WFP、30年に渡るアンゴラへの食糧援助打ち切りへ (英文のみ)
WFP News Release
13 October 2006
AFTER 30 YEARS, WFP ENDS
FOOD AID TO ANGOLA
LUANDA – The United Nations World Food Programme said today a lack of funding had prompted it to wind down all its food aid operations in Angola by the end of the year, after three decades of direct involvement in the country.
WFP has started discussions with the Government of Angola about the possibility of handing over any remaining food stocks for distribution by competent state institutions to store, transport and distribute the food aid. WFP has at least 13,200 tons of commodities in warehouses in Lobito and Luanda.

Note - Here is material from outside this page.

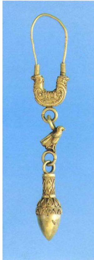
Fig. 5 - Earring in gold filigree and granulation from Tharros. National Archaeological Museum of Cagliari (from Quattrocchi Pisano 1974, table I, fig. 1).

The development of this class of materials, with the possibilities offered by trading of metal along Mediterranean routes, is linked to an artistic tradition that was rich and successful for centuries in the Phoenician motherland. In Sardinia, the evidence from Tharros so far appears to be the largest and most important because of the quality and quantity of the jewellery as well as of the other athyrmata (bric-a-brac). It is hard to say whether the Sulky ring was forged in a workshop in Sulky or whether it hails from the well-known ones in Tharros, or even from Phoenicia. The doubt in question comes from the evidence of a substantial homogeneity and conservatory nature of this kind of production that makes it difficult to distinguish between items made in the East and those in the West. The hoarding of jewels that could be kept for several generations, always being used, limits the possibility of precise chronological definition, as even when found in easily datable archaeological contexts, it isn't possible to deduce the period of actual production, but only that of use.

“WFP’s aim has always been to hand over responsibility for food assistance and development support to the Government of Angola,” said Sonsoles Ruedas, WFP’s Acting Country Director in Angola. “A drop in donor support has spurred us to speed up the handover process.”
“We plan to scale back to a small office in Luanda, which will provide only technical assistance to the Government, starting in 2007.”
WPF’s current operation, valued at US$90 million, was launched in April 2006 with plans to run until March 2009. However, contributions to date total just US$19.5 million, a shortfall of 78 percent.
In September, WFP began suspending food distributions to 700,000 Angolans, among them 220,000 children in school-feeding programmes. Other beneficiaries include pregnant and nursing women, children under the age of five and people suffering from HIV/AIDS, tuberculosis and pellagra.
The world’s largest humanitarian agency arrived in Angola in 1976 to deliver food aid across the country to people stranded and displaced by the civil war.
When the war ended in 2002, WFP assisted with the long process of reconstruction and repatriation of Angolan refugees, which is still continuing. More than 80,000 refugees are expected to return home from camps in Zambia, Namibia and the Democratic Republic of Congo.
In addition to the WFP food stocks currently in Lobito and Luanda, another 3,800 tons of food are due to arrive in the country shortly. WFP has funding to provide 3,000 tons of food aid to the returnee programme.
“More recently, our goal has been to help the Government build up capacity to establish its own safety net projects to help alleviate some of the suffering of the poorest,” Ruedas said. “The Government had already begun to take over school-feeding across the country. Angola has been at peace for over four years but de-mining the countryside and replacing infrastructure is a time-consuming process.”
WFP’s air transport service for the humanitarian community will close down at the end of November 2006. Another project, to reconstruct bridges in resettlement areas in the east of the country, has funding that will allow it to continue until the end of January 2007.